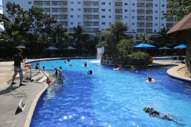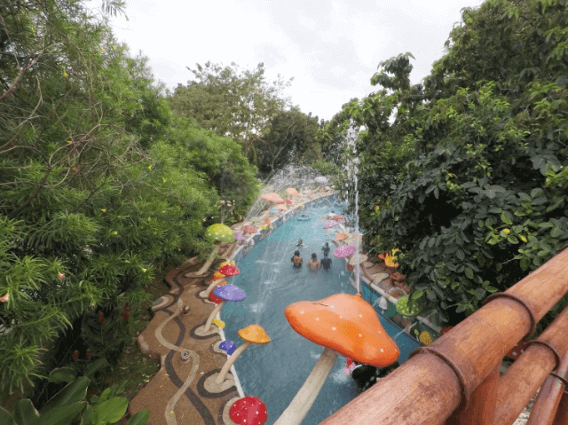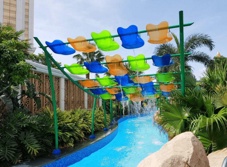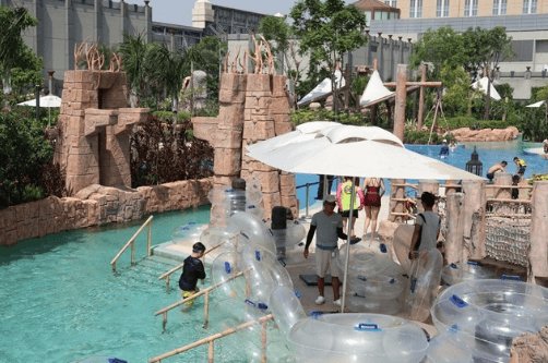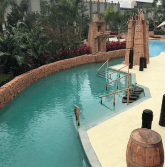 인근의 메리어트 호텔 수영장도 사용할 수 있습니다. 걸어가기에 약간의 거리가 있지만 볼거리가 많아 지루하진 않아요. 메리어트 호텔에는 유수풀이 있는데 통유리 풀장이 매우 유명하답니다. 생각보단 볼 때만 신기하고 막상 유수풀에 들어가면 특별한 건 없어요. 유수풀을 타고 다니면 중간중간에 물폭탄들이 떨어져서 물놀이를 마음껏 즐길 수 있습니다.
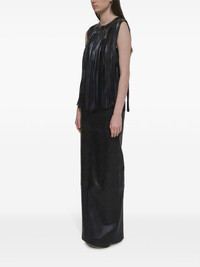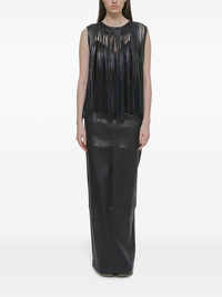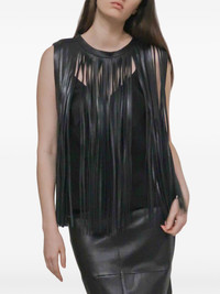 fringe leather top Highlights - Black - Calf leather - Glossy finish - Fringe detailing - Pull-on style - Round neck - Sleeveless Imported Composition CALFSKIN 100%
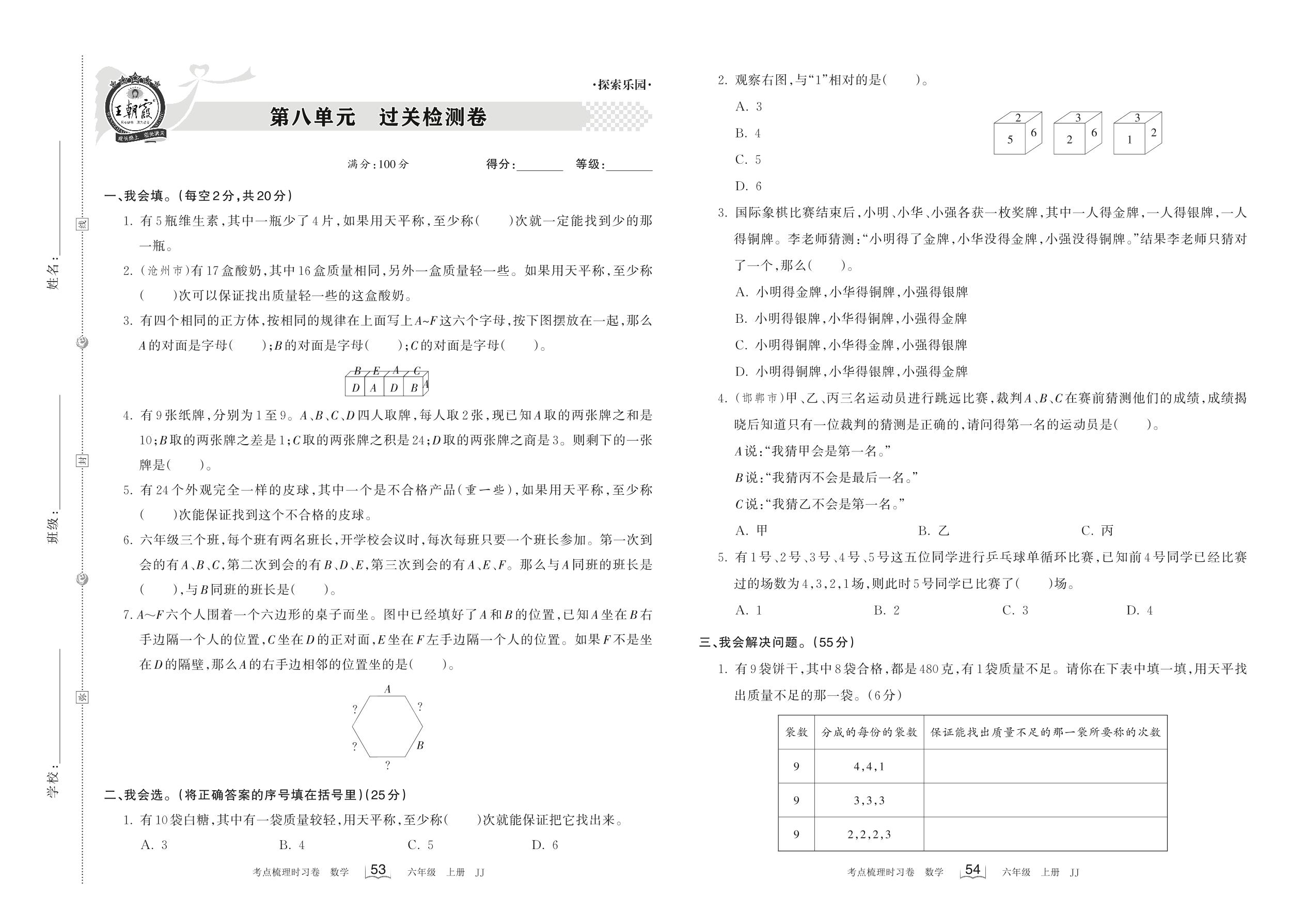 2022上册六年级数学冀教版 第八单元 过关检测卷
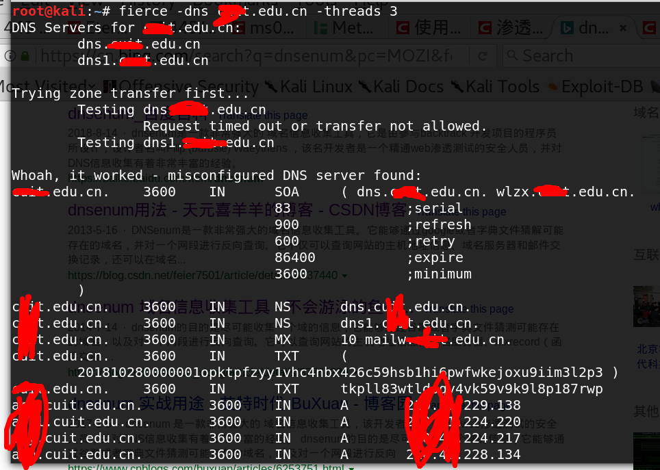 DNS枚举工具,可通过多项技术查找目标的ip地址和主机名,他会通过本机使用的DNS服务器查找使用个目标域的DNS服务器;也可以进行暴力破解子域名
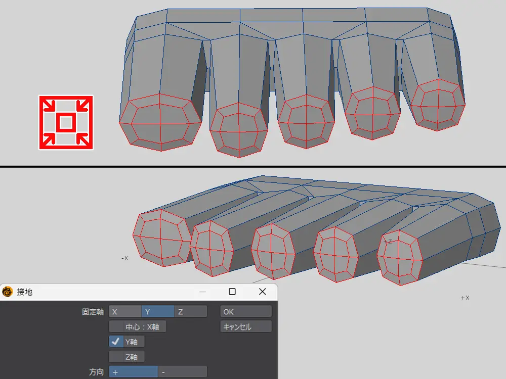 縮小すると先端部分が少し地面から浮いちゃうので、「接地」ツールを起動して底面に接地します
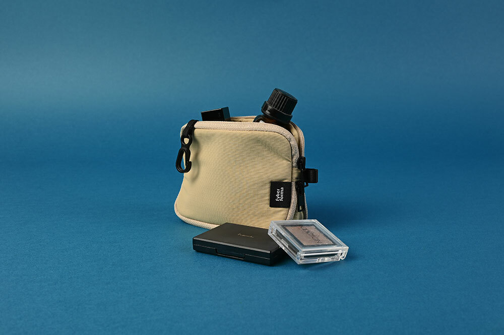 結合隨身小物包及飲料水瓶提袋於一身,除了可當日常的卡片鑰匙包之外,
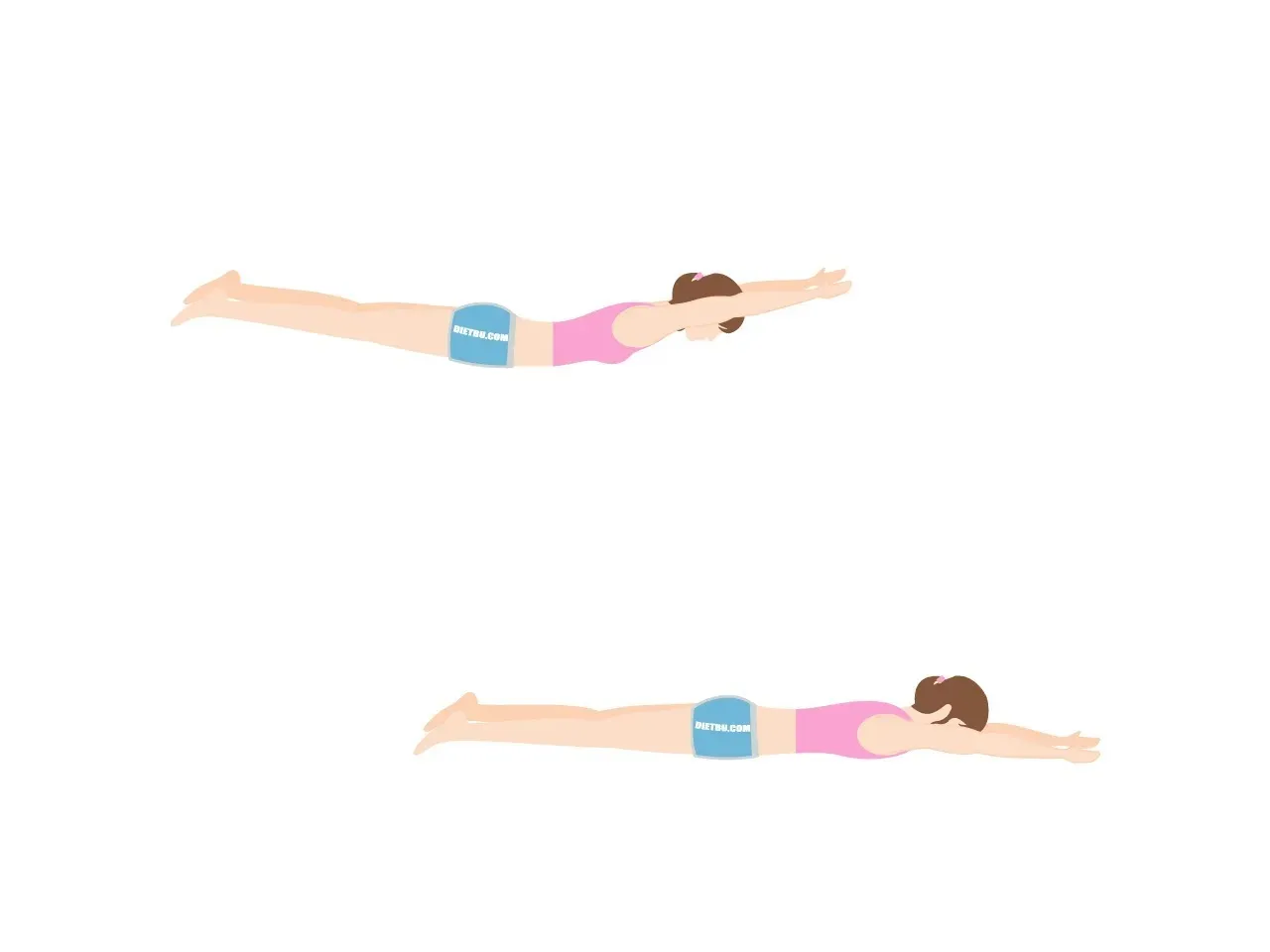 まずうつ伏せの状態で両手両足を伸ばします。その状態から上の図の様に、ゆっくりと上半身と下肢を浮かせていきます。この時にお腹が床から離れる位反らしてしまうと、腰痛の悪化に繋がる場合があるため気を付けましょう。上の図の角度位になるまで、上半身と下肢を3秒位かけて反らしていき、頂上で3秒程停止したら、また3秒程かけて降ろしてきます。これを10回2セット程度行っていきます。
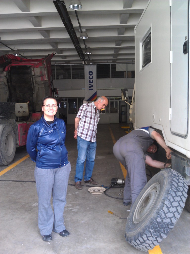 With near silent brakes we continued our tour of garages and stopped in at an Iveco one we had spotted to get some replacements bolts for the ones that had rounded off before. Everyone there was incredibly friendly and very happy to help. It was a family firm, and we were introduced to Eda, one of the girls who worked as an accountant and spoke very good English. Tea was again in our hands before we knew it and the bolts were fitted free of charge, and Ivor was even given a wash before photos were taken from both sides, and we were sent on our way.
........
TASK TO CARRY OUT: Please reproduce nothing but the lines from the one containing "2022上册六年级数学冀教版 第八单元 过关检测卷" through the closing line of the listing, retyped word for word, pictures excluded.

FINAL ANSWER:
 2022上册六年级数学冀教版 第八单元 过关检测卷
 DNS枚举工具,可通过多项技术查找目标的ip地址和主机名,他会通过本机使用的DNS服务器查找使用个目标域的DNS服务器;也可以进行暴力破解子域名
 縮小すると先端部分が少し地面から浮いちゃうので、「接地」ツールを起動して底面に接地します
 結合隨身小物包及飲料水瓶提袋於一身,除了可當日常的卡片鑰匙包之外,
 まずうつ伏せの状態で両手両足を伸ばします。その状態から上の図の様に、ゆっくりと上半身と下肢を浮かせていきます。この時にお腹が床から離れる位反らしてしまうと、腰痛の悪化に繋がる場合があるため気を付けましょう。上の図の角度位になるまで、上半身と下肢を3秒位かけて反らしていき、頂上で3秒程停止したら、また3秒程かけて降ろしてきます。これを10回2セット程度行っていきます。
 With near silent brakes we continued our tour of garages and stopped in at an Iveco one we had spotted to get some replacements bolts for the ones that had rounded off before. Everyone there was incredibly friendly and very happy to help. It was a family firm, and we were introduced to Eda, one of the girls who worked as an accountant and spoke very good English. Tea was again in our hands before we knew it and the bolts were fitted free of charge, and Ivor was even given a wash before photos were taken from both sides, and we were sent on our way.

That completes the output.